> _What you should do_
Below is a listing; retype exactly the lines between the one containing "2、打开【超星尔雅/学习通】或【智慧树/知道】软件,移动小箭头到题目即可" and the one containing "Lit avec tête", inclusive, minus the pictures.

> _Available data_
================

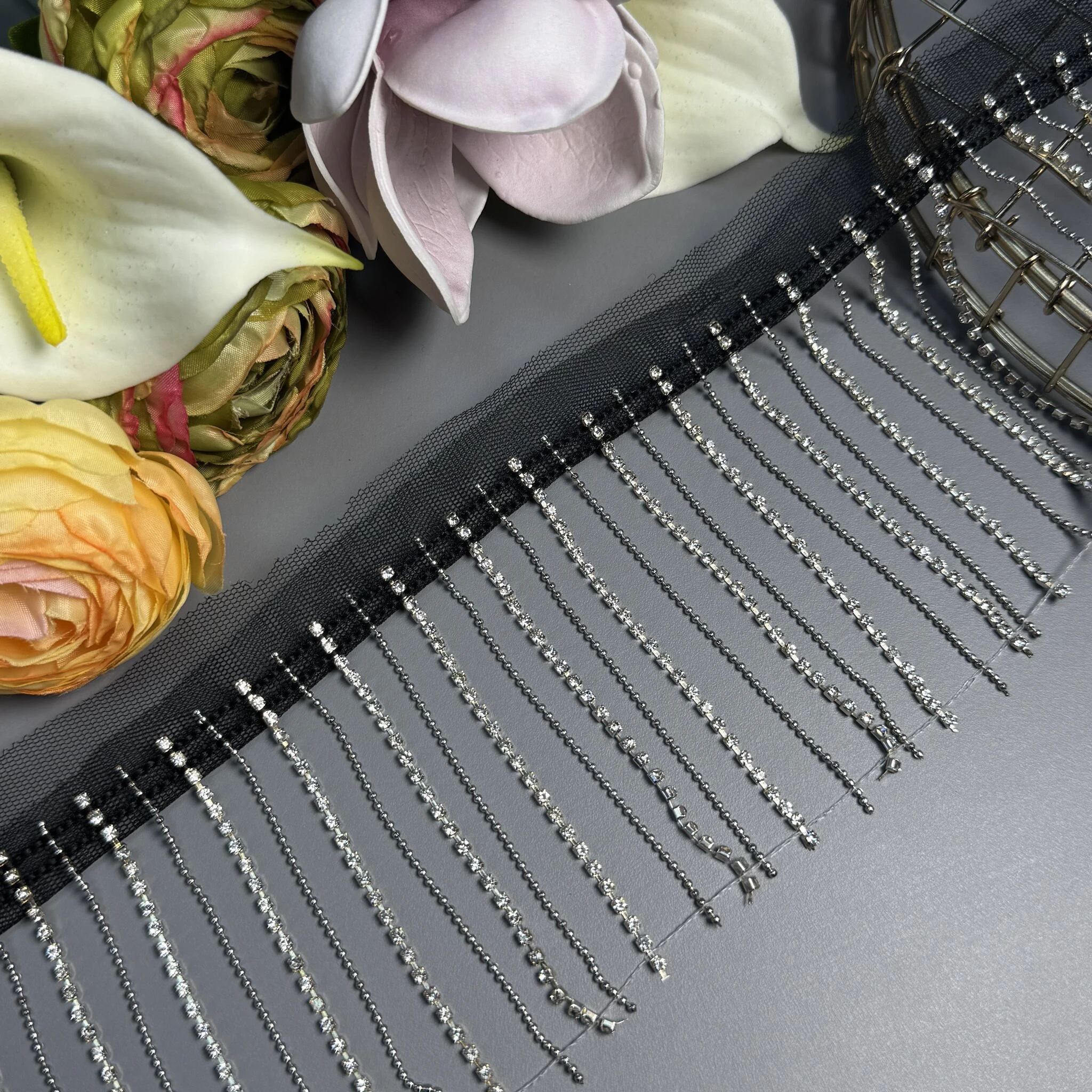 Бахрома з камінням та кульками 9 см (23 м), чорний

================

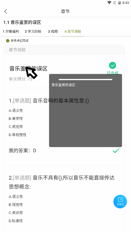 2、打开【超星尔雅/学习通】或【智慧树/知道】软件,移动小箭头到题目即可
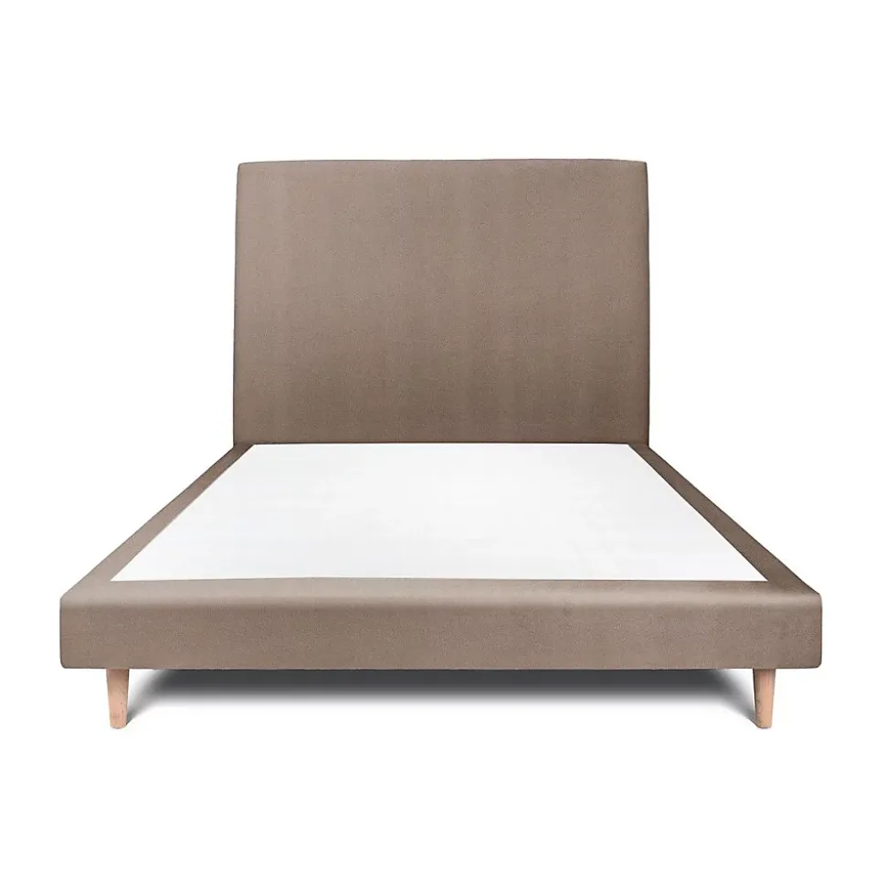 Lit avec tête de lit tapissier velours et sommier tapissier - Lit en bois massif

================

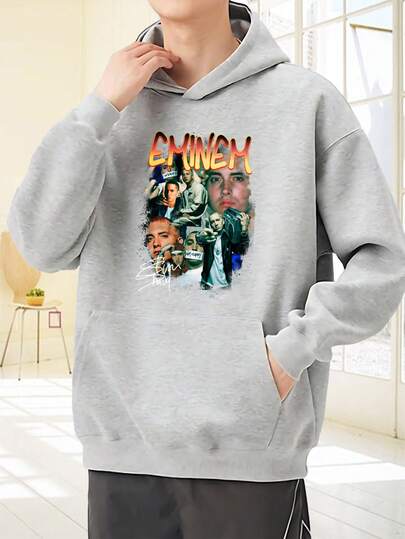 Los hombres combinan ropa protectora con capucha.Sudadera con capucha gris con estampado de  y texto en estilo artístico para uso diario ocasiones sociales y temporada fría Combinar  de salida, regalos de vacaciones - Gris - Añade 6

================

> _Written response_
 2、打开【超星尔雅/学习通】或【智慧树/知道】软件,移动小箭头到题目即可
 Lit avec tête de lit tapissier velours et sommier tapissier - Lit en bois massif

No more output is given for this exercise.